Why would the Klingons even want to put up with us?

They probably took one look and said, "Forget it! Too much dang trouble. Not worth the disruptor power." (or some such Klingon Shakespearean phrase ;))

Cheers,
-CM-
 
If they wanted to, they could have attacked earth already. Klingons are fearsome warrior and telling them to pissed off is not going to do. In fact, it would probably provoke them to attack.

Klingons need to die a good warrior death which means they have to use all their skills and weaponry available to either kill the enemies or die a glorious death in battle. Humans have always been technological backward compared to them before the 23 century, and furthermore, humans are physically incapable of taking on a any Klingons. What kind of glorious death could they achieve by fighting a primitive and weak cultures like earth? That's not how Klingons think. And, there was nothing of value to them on earth.

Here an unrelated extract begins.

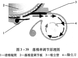 (4)排杂系统:FA111—120型和FA111—160型的排杂系统由吸尘管、调节板及排杂管等组成。在清棉辊筒的各除尘刀处均装有吸尘管,并与机器两侧的排杂管相连。清棉系统分离的尘杂落在吸尘管内,被连续抽吸的气流送至滤尘机组。在清棉辊筒的第二除尘刀处装有调节板(图3—39),调节板可进行无级调节,以改变落棉量和口落棉含杂量。

If a glorious ground battle is what they wanted Earth would be perfect. Early 21st century Earth for example has no space military at all, but has large armies excelling in ground warfare, in fact they should do much better in a pure ground engagement than any ground force ever portrayed in ST. So if they rabidly wanted glorious ground action taking over earth would be just the ticket.

Incidentally the fact that ST ground forces appear highly inferior to real armies today may be an indication of the pointlessness of highly specialised, powerful ground forces in a future where orbital bombardment is easy and devastating. Sure a few squads of present day USMC could have held that chokepoint on AR-558 laughably easily against the Jem Hadar assault as shown, or if they were on Ajilon Prime that colony would never have been threatened... but most ST ground combat is unlikely to end up like that. Large specialised armies moving about on the ground with lots of specialised war equipment are going to be bait for orbiting starships pounding them with phaser fire or torpedoes from orbit. The heavier torpedoes at their max yield are more powerful than Tsar Bombas too.

Lack of a glorious battle couldn't be the reason for not invading earth.